Fernando "Papi" Cortés (October 4, 1909 – 1979) was a Puerto Rican film actor, writer and director. He was born in San Juan, Puerto Rico, but he spent most of his adult life in Mexico City, where he died. On 1932, while in New York City, Fernando Cortés married Puerto Rican childhood friend María del Pilar Cordero, who adopted the stage name of Mapy Cortés. The couple soon traveled to Spain with a Cuban theatrical troupe. They worked on the Spanish stage, radio and film until the outbreak of the Civil War in 1936. Fernando progressively began to take a backseat as actor and baritone and focused on promoting the career of his wife Mapy, who became a noted vedette (showgirl with star status) in Barcelona.

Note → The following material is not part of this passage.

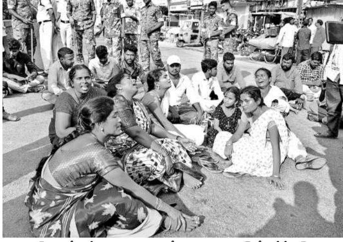
సంపత్ను పోలీసులే కొట్టి చంపారని ఆరోపిస్తూ నిజామాబాద్ లోని జేజీహెచ్ ఎదుట ధర్నా చేస్తున్న కుటుంబ సభ్యులు, బంధువులు, చిత్రలేఖనం పోలీసులు

పాటు మరో ఏకెండ్లపై పదిరోజుల క్రితం కేసు నమోదుచేశారు. ఇద్దరినీ ఆరెస్టు చేసి కోర్టులో హాజరు పర్చగా కోర్టు రిమాండ్ విధించింది. నిందితులను విచారించేందుకు కస్టడీ ఇవ్వాలని పోలీసులు పిటిషన్లు దాఖలు చేయడంతో ఈ నెల 12 నుంచి 14 సంవత్సరం (32) జగిత్యాల జిల్లాలో మ్యాన్ పవర్ కస్టడీలో ద్వారా నిరుద్యోగులను ధార్యం లాండ్, మయనాగర్, లావోన్ తదితర డిశాలకు పంపించారు. విదేశాలకు వెళ్లిన యువకులు తాము హాసపోయామని తిరిగి వచ్చి పోలీసులకు ఫిర్యాదు చేశారు. దీంతో నిజామాబాద్ సైబర్ క్రైమ్ పోలీసులు సంపత్ తో

After the Spanish Civil War interrupted their careers, the couple worked in New York, San Juan, Buenos Aires, Havana and Caracas, occasionally starring in movies. They arrived to Mexico City in late 1940 and made their stage debut at the Teatro Follies, in a show headlined by the popular Mexican comedian Cantinflas. Despite early struggles to become household names, Mapy achieved Mexican film stardom in late 1941 and the couple settled in Mexico City. Initially, Fernando Cortés played supporting roles in his wife's films. He then made a successful debut as director with La pícara Susana (1945), a comedy vehicle for his wife.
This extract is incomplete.